A NotReady node in Kubernetes means the node is registered with the control plane but cannot schedule or run pods. The kubelet—the agent running on each node—either cannot communicate with the API server or is reporting unhealthy status. This is more severe than a node that is simply SchedulingDisabled (cordoned): a NotReady node indicates a broken or degraded worker.

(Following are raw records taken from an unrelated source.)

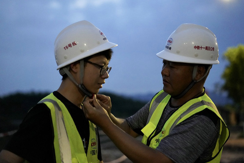 張盛偉(右)給大學(xué)實(shí)習(xí)生調(diào)整安全帽帶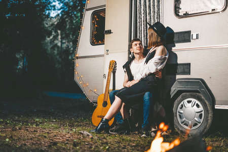 Young couple in love in stylish fashionable outfit romantic weekend wedding trip against background of camper in woods forest road trip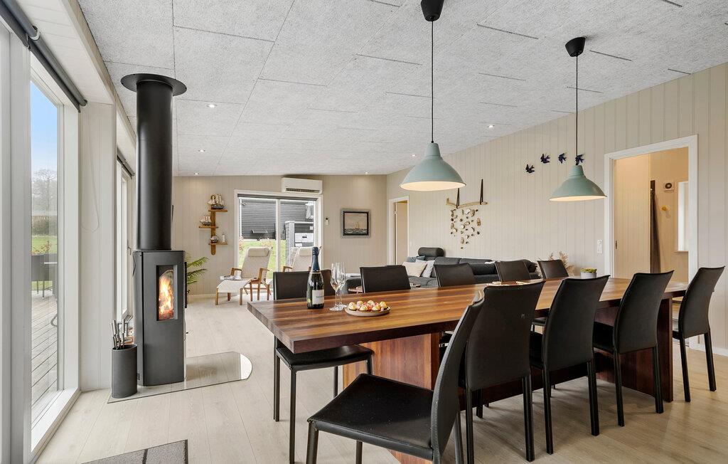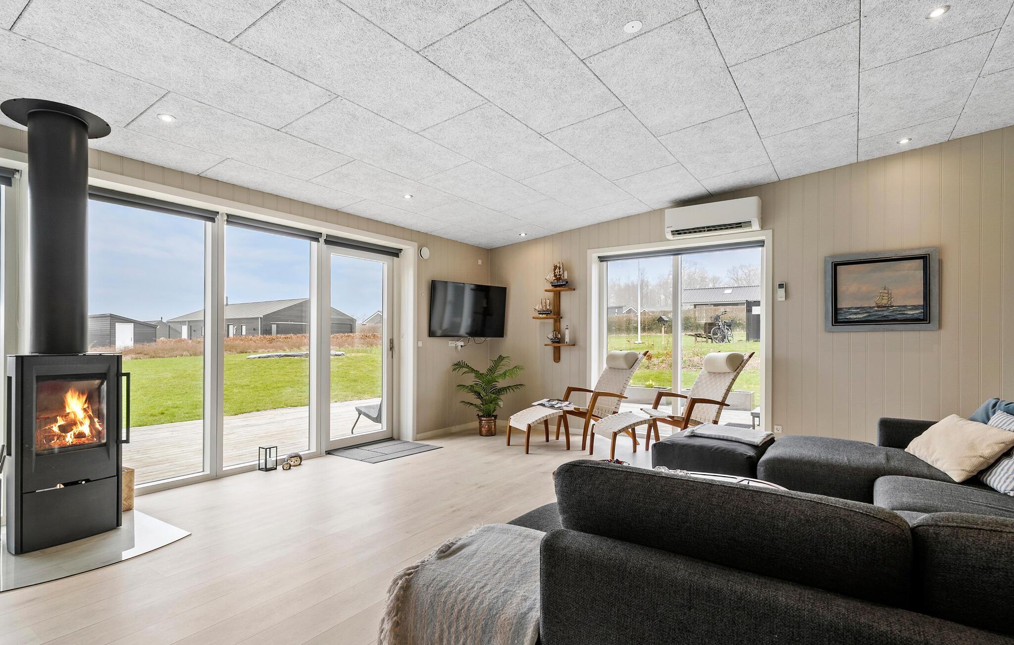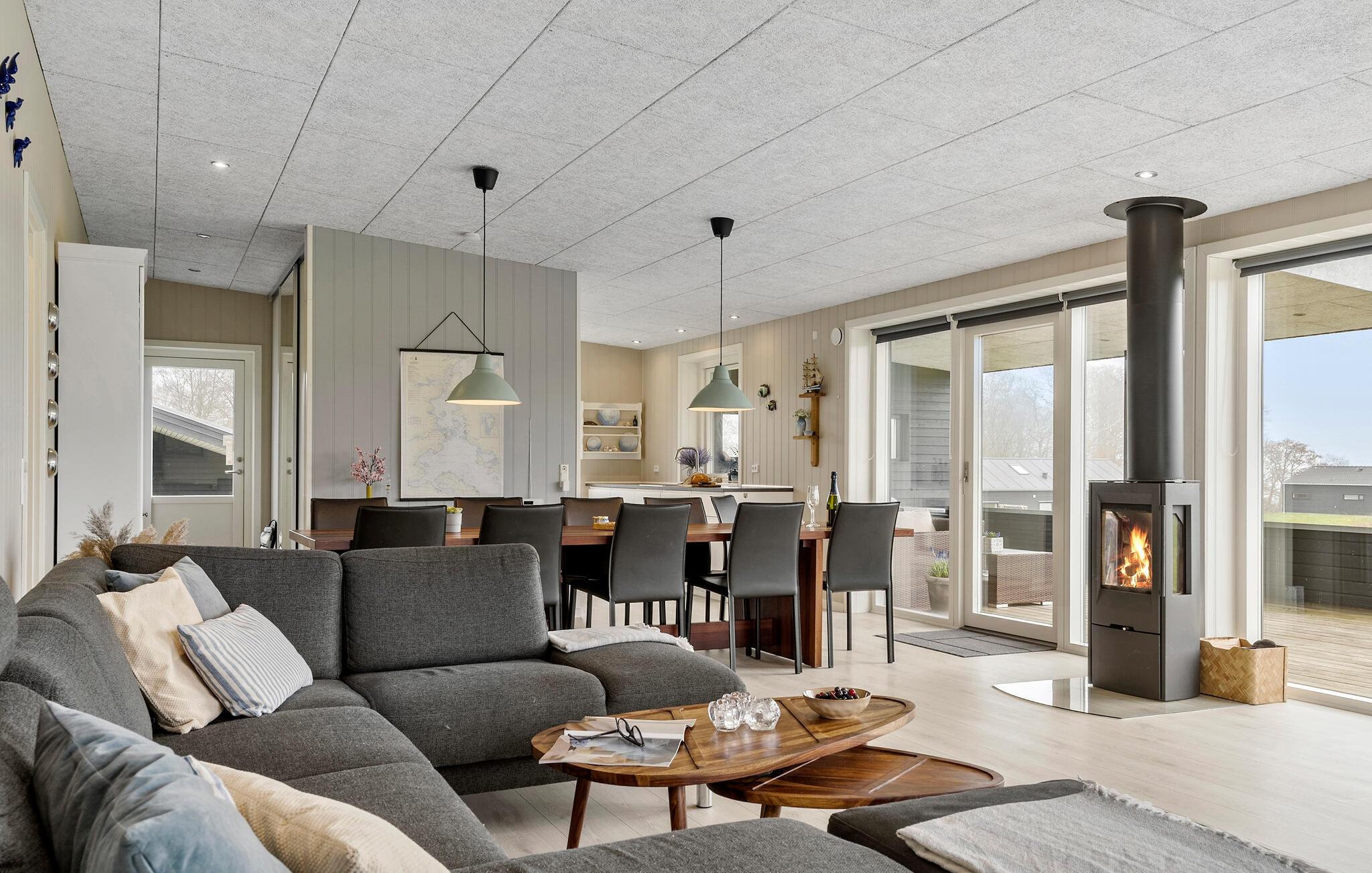 Dette hus har en helt fantastisk beliggenhed kun en lille gåtur fra stranden. Her kan I slappe af i den lyse opholdsstue efter en aktiv dag, nyde måltiderne med smuk udsigt over vandet og planlægge fremtidige eventyr, mens ilden knitrer i brændeovnen. Det store køkken/alrum er familiens samlingssted og forvandler selv en regnvejrsdag til en rigtig god feriedag. De store vinduer i køkken og stue giver et dejligt lysindfald, samtidig med at I har udsigt ud over området og ud til Lillebælt.

Node health is foundational to cluster operations. When nodes go NotReady, pods may be evicted, workloads disrupted, and capacity reduced. The cause ranges from simple (kubelet stopped) to complex (network partition, certificate expiration, disk pressure).

Symptoms

kubectl get nodes shows STATUS: NotReady for one or more nodes
Pods scheduled on the node show Unknown or NodeLost status
New pods cannot be scheduled on the affected node
Existing pods on the node may be terminated or rescheduled elsewhere
kubectl describe node shows condition Ready: False with various reasons

Common Causes

**Kubelet stopped or crashed**: The node agent is not running or is failing to report
**Network connectivity lost**: Node cannot reach API server due to firewall, routing, or DNS issues
**Resource pressure**: Disk, memory, or PID exhaustion triggers node health failure
**Certificate expiration**: Kubelet or client certificates have expired
**Container runtime failure**: Docker, containerd, or CRI-O is down or unresponsive
**Control plane unreachable**: API server is down, overloaded, or network-partitioned
**CNI plugin failure**: Network plugin is broken, preventing pod networking
**Clock skew**: Node time is too far out of sync with control plane

Step-by-Step Fix

### 1. Check node status and conditions

bash kubectl get nodes kubectl describe node <node-name>

Focus on the Conditions section:

| Condition | Status | Meaning | |-----------|--------|---------| | Ready | False | Node cannot run pods | | MemoryPressure | True | Node is out of memory | | DiskPressure | True | Node is out of disk space | | PIDPressure | True | Too many processes | | NetworkUnavailable | True | CNI/network is broken |

Also check the last heartbeat time—if it's old, the node stopped reporting.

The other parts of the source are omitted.